Équilibre vie pro/vie perso et QVT : les leviers-clés

Finalement, le présentéisme apparaît comme les prémisses de l’absentéisme. L’intérêt de mettre en place des actions de prévention est donc clair et, en la matière, les entreprises américaines font figure de précurseurs. Celles-ci consacrent en moyenne 2 % de leur budget assurance santé à des programmes dits « Wellness », qui accompagnent les salariés dans la gestion de leur bien-être physique et mental. Ces programmes ciblent prioritairement l’alimentation, l’activité physique et le sevrage tabagique, et certains, intitulés « disease management », agissent également contre le diabète, l’asthme, les maladies coronariennes, la dépression, les cancers, etc. [11]

En France, les entreprises s’y mettent progressivement, en portant notamment leur attention sur les moyens de préserver l’équilibre vie privée/vie professionnelle et la qualité de vie au travail. Car le cabinet Midori consulting l’affirme : la régulation de la charge de travail (quantité de travail, pression du temps, charge mentale et émotionnelle du travail) et la reconnaissance (symbolique, financière, de carrière) participent à diminuer considérablement le présentéisme [12].

Ynsect, l’exemple d’un employeur responsabilisé

La jeune entreprise innovante Ynsect, spécialisée dans l’élevage d’insectes à grande échelle, l’a bien compris. Co-fondateur et secrétaire général de l’entreprise qui emploie une cinquantaine de personnes, Alexis Angot raconte : « Au siège, nos contrats de travail sont pour la plupart sous forme de convention de forfait mensuel en heures. La mensualisation permet une plus grande flexibilité : elle permet de travailler moins une semaine et davantage la semaine qui suit. L’idée, c’est qu’en fonction de leurs contraintes ou envies – faire du sport, prendre un train – nos collaborateurs puissent s’organiser. Cette modularité est très appréciée. » Chez Ynsect, les horaires de réunion sont également encadrés : « Les réunions ne démarrent pas avant 9 h, ne se terminent pas au-delà de 18h et on sanctuarise un moment “off” pour le déjeuner ». Voilà des mesures qui satisferaient les 36 % de salariés estimant avoir du mal à concilier vie pro et vie perso [13]. Lancée pour la première fois cette année, l’évaluation des risques psychosociaux est enfin devenue un outil-clé pour penser le cadre de travail. « Elle nous a permis de comprendre qu’organiser des réunions au dernier moment générait du stress, ajoute Alexis Angot. Depuis, nos réunions sont prévues 48 h à l’avance et pour nous assurer que la mesure est adoptée, elle a été communiquée à tout le monde et placardée dans les salles de réunion. »

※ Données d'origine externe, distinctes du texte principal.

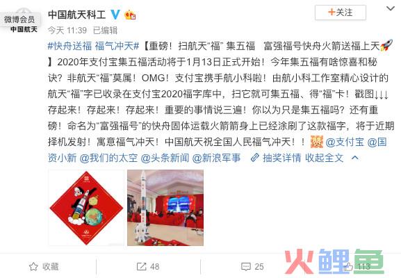 支付宝和中国航天科工宣布,即将发射“富强福号”快舟火箭。并且,设计了专属福字,随火箭升空。
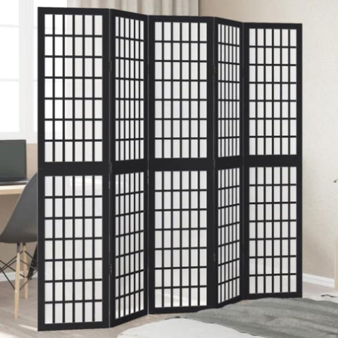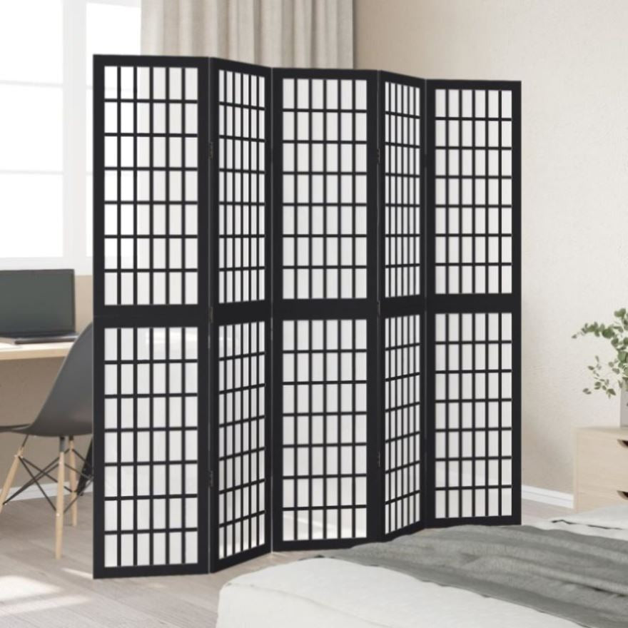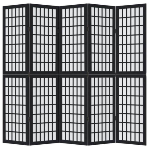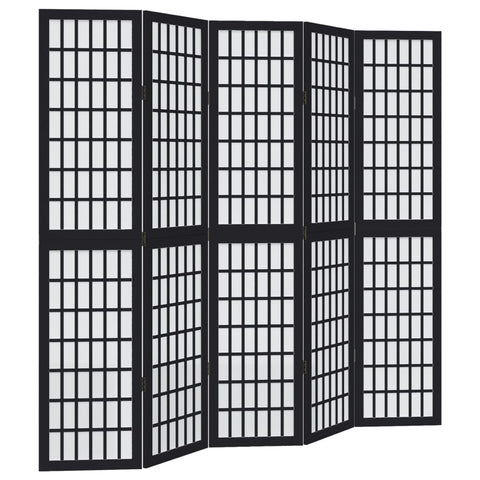Room Divider 5 Panels Black Solid Wood Paulownia 358774
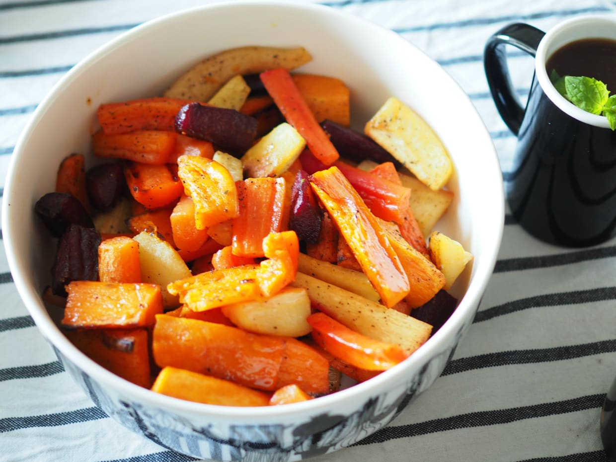 Mä tein nuo sillä tavalla että pilkoin, keitin viis minuuttia, sen jälkeen valelin öljy-hunaja-appelsiinimehuseoksella (tuoretta itsepuristettua mehua) ja rouhin pippuria ja suolaa päälle. Paistoin 225 asteessa noin puoli tuntia :)!

Alors qu’en octobre prochain se tiendra la semaine de la qualité de vie au travail, le temps semble venu pour les entreprises de revoir leurs idées sur l’absentéisme. Le dicton ne le dit-il pas ? Mieux vaut prévenir que guérir !

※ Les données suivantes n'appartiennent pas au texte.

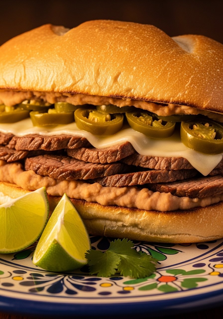 A Mexican-style steak torta is hearty, spicy, and full-flavored. Marinated sirloin and creamy refried beans make it a full meal. Add pickled jalapeños and a zesty mayo for balance.
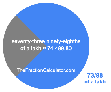 If you want to calculate 73/98 of a lakh (seventy-three ninety-eighths of a lakh), then you want to divide one lakh (1,00,000) into 98 equal pieces and calculate the sum of 73 of those pieces.
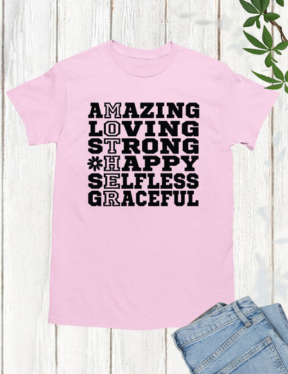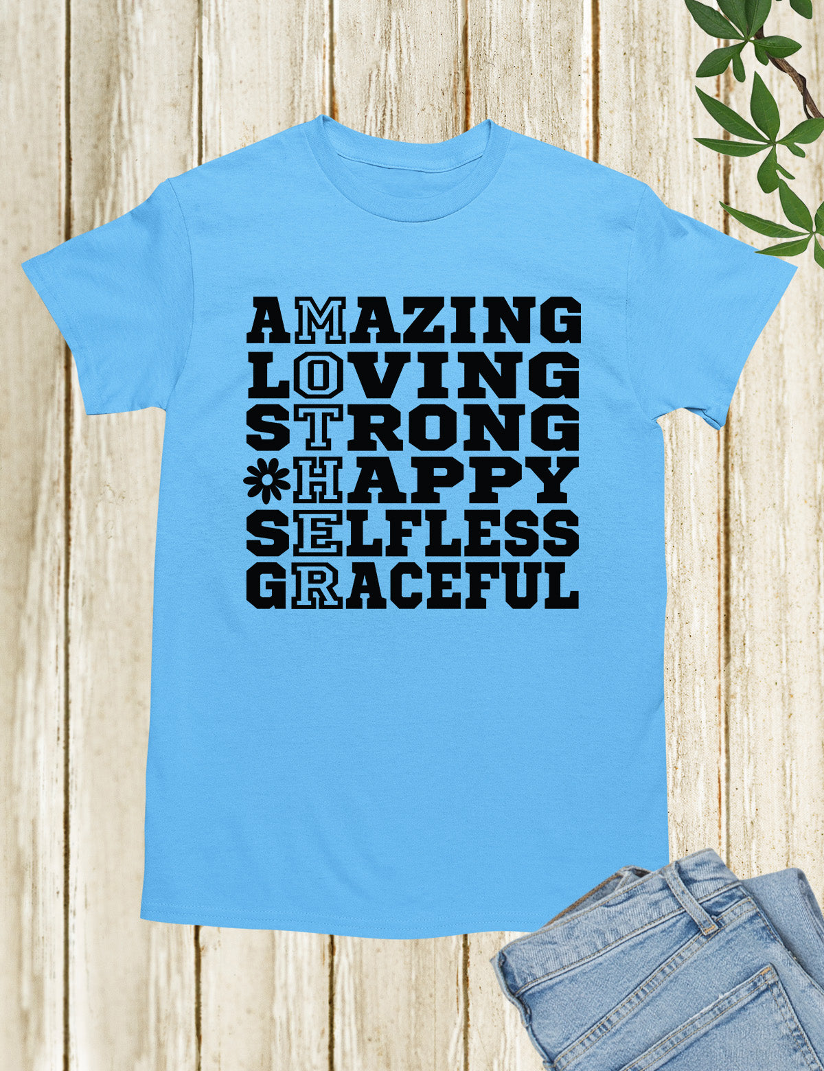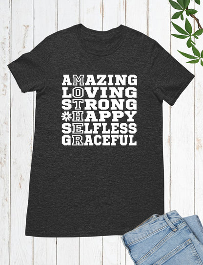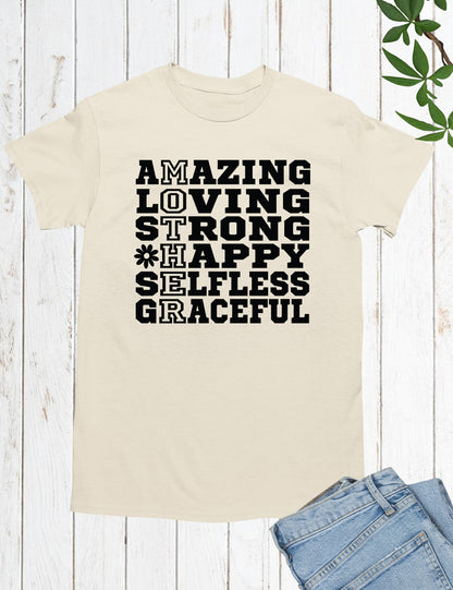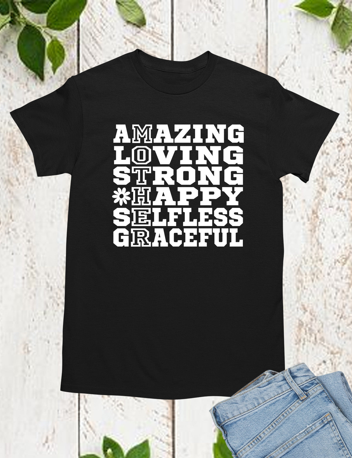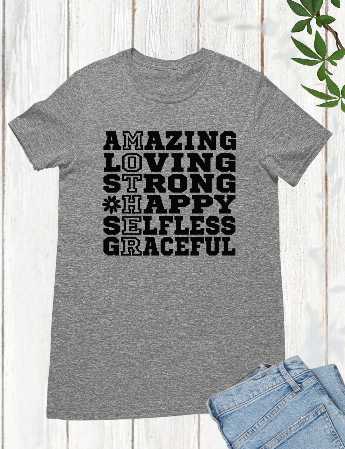 This Graceful Mother Christian T Shirt embodies the qualities of amazing, loving, strong, happy, and selfless. Wear it as a reminder to embrace those traits and spread the message of unconditional love.

[1] Les coûts de l’absentéisme

[2] Article nouvelle entreprise : Interview de Denis Monneuse sur le surprésenteisme

[3] Le présentéisme en France: un taux record

[4] Malakoff Médéric, Santé & bien-être des salariés, performance des entreprises, 2016.

[5] Idem.

[6] Les chiffres et statistiques du stress en France

[7] Idem

[8] Article nouvelle entreprise : Interview de Denis Monneuse sur le surprésenteisme

[9] 1er baromètre du présentéisme au travail

[10] Article du monde : le présenteisme coûte plus cher que l’absenteisme

[11] Article comptoir : programme wellness au travail

[12] 1er baromètre du présentéisme au travail 

[13] Malakoff Médéric, Santé & bien-être des salariés, performance des entreprises, 2016.